There are also unique deals on offer, like a former post office in Aichi Prefecture with an asking price of ¥500,000. Fujiki said the property has already received numerous queries from interested buyers.

“I knew there was something to be made from the growing number of properties ignored by the mainstream real estate market,” Fujiki said.

It’s not only homes that are being abandoned.

This year an independent expert study group headed by former Iwate Gov. Hiroya Masuda estimated that around 4.1 million hectares of land — equivalent to the size of Kyushu — is unclaimed. It projected that figure to climb to 7.2 million hectares — roughly the size of Hokkaido — by 2040 as inheritors opt out of registering properties to dodge taxes.

The situation presents myriad problems, including lost development opportunities and damage from natural disasters triggered by poor land management. It prompted the government to call for simplifying procedures to allow such plots to be used for public works projects, but it is unclear whether such measures can curb the rising tide of forgotten land.

Municipal governments have also set up akiya (empty home) banks to list unused land and residences that are still habitable for sale or rent, targeting city dwellers drawn to the idea of country living.
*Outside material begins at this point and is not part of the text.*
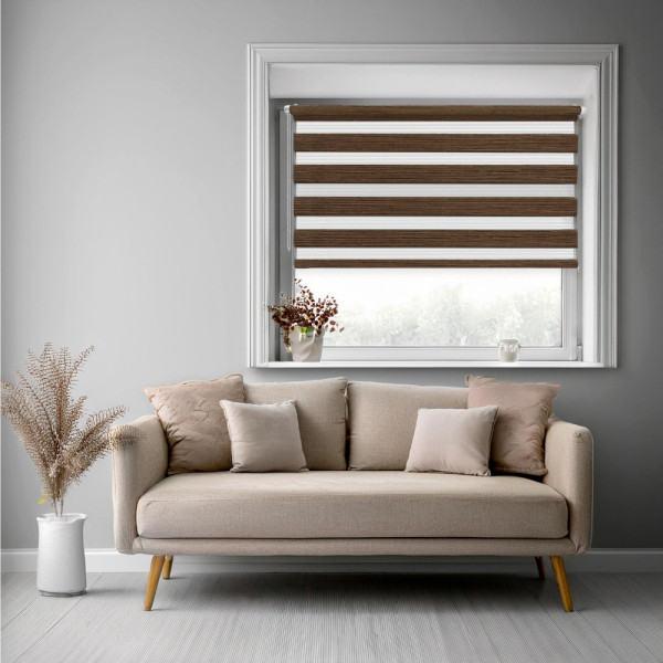 Roleta dzień-noc na wymiar to nowoczesne i praktyczne rozwiązanie do każdego wnętrza. Dzięki naprzemiennym pasom materiału umożliwia płynną regulację nasłonecznienia – od lekkiego przyciemnienia po całkowite zaciemnienie.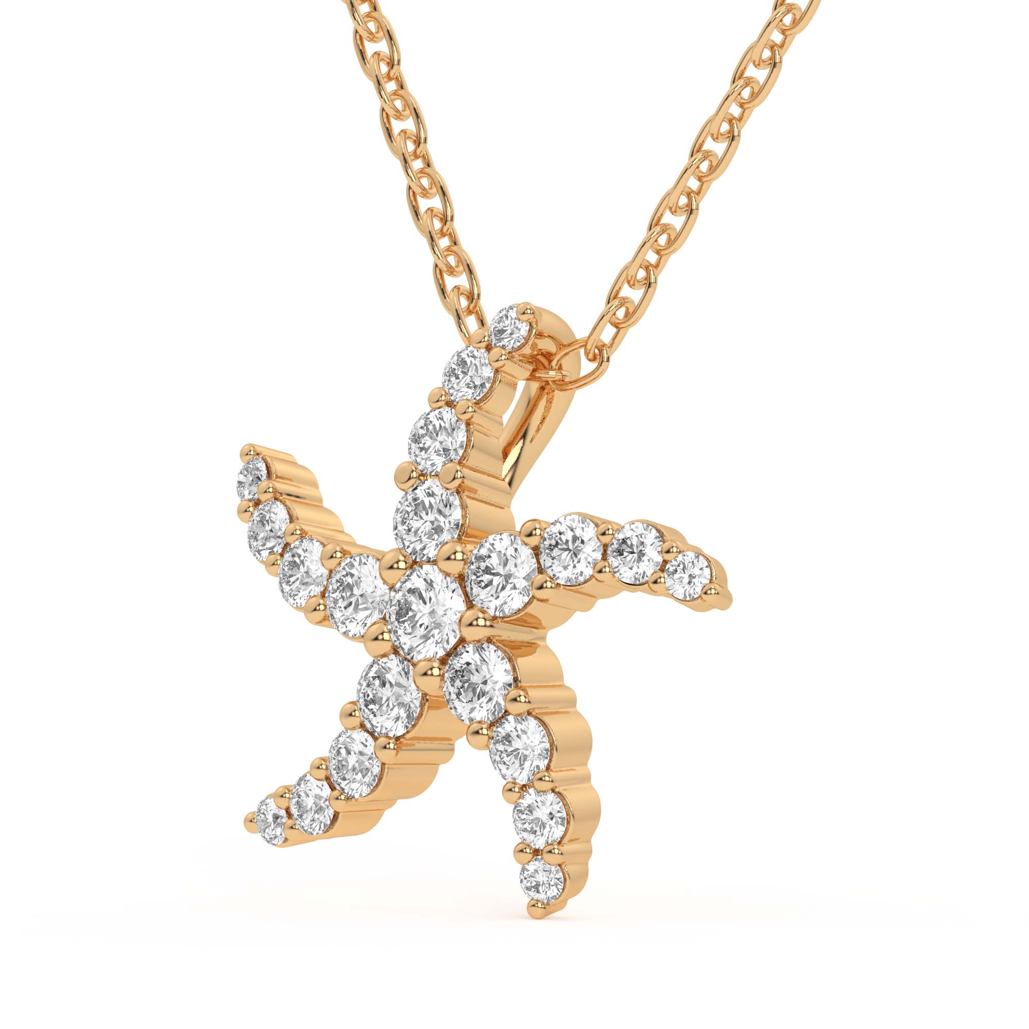 Elevate your elegance with the Starfish Diamond Pendant, expertly crafted to capture the delicate beauty of the ocean. Featuring precisely set diamonds that enhance its shimmering appeal, this pendant offers a refined statement piece suitable for both everyday wear and special occasions.

But despite many inquiries, the number of signed contracts remains small, according to a study by the Japan Organization for Internal Migration.

Meanwhile, home-sharing operators like Airbnb Inc. and e-commerce giant Rakuten Inc. are betting that a new wave of hosts looking to capitalize on idle properties will enter the market once a law giving the green light to minpaku private short-term lodging services takes effect in June.

“These abandoned homes are toxic assets — they’re costly to maintain or to tear down,” said Munekatsu Ota, head of Rakuten’s vacation rental arm, Rakuten Lifull Stay Inc. “But a simple renovation could turn them into moneymakers.”

An expanding market for secondhand properties would help alleviate the problem, but many of the neglected homes scattered across the nation were built during the postwar construction boom, when houses were designed to last only a few decades before being torn down and rebuilt, according to Hidetaka Yoneyama, a housing specialist at Fujitsu Research Institute.

This means that despite changing attitudes toward secondhand homes, Japanese buyers generally prefer new ones over old: the ratio of used homes circulating in the entire housing market remains below 15 percent, substantially smaller than in the United States and European countries.

There is also a psychological factor to why people aren’t too keen on selling, renting out or demolishing their properties, Yoneyama said during a recent presentation on the issue.

A 2015 government study shows that nearly a third of owners of homes that have been abandoned altogether intend to keep them that way.

“Inheritance is the No. 1 reason behind ownership of these properties,” he said. “There is strong resistance among owners toward disposing of homes full of memories of their parents.”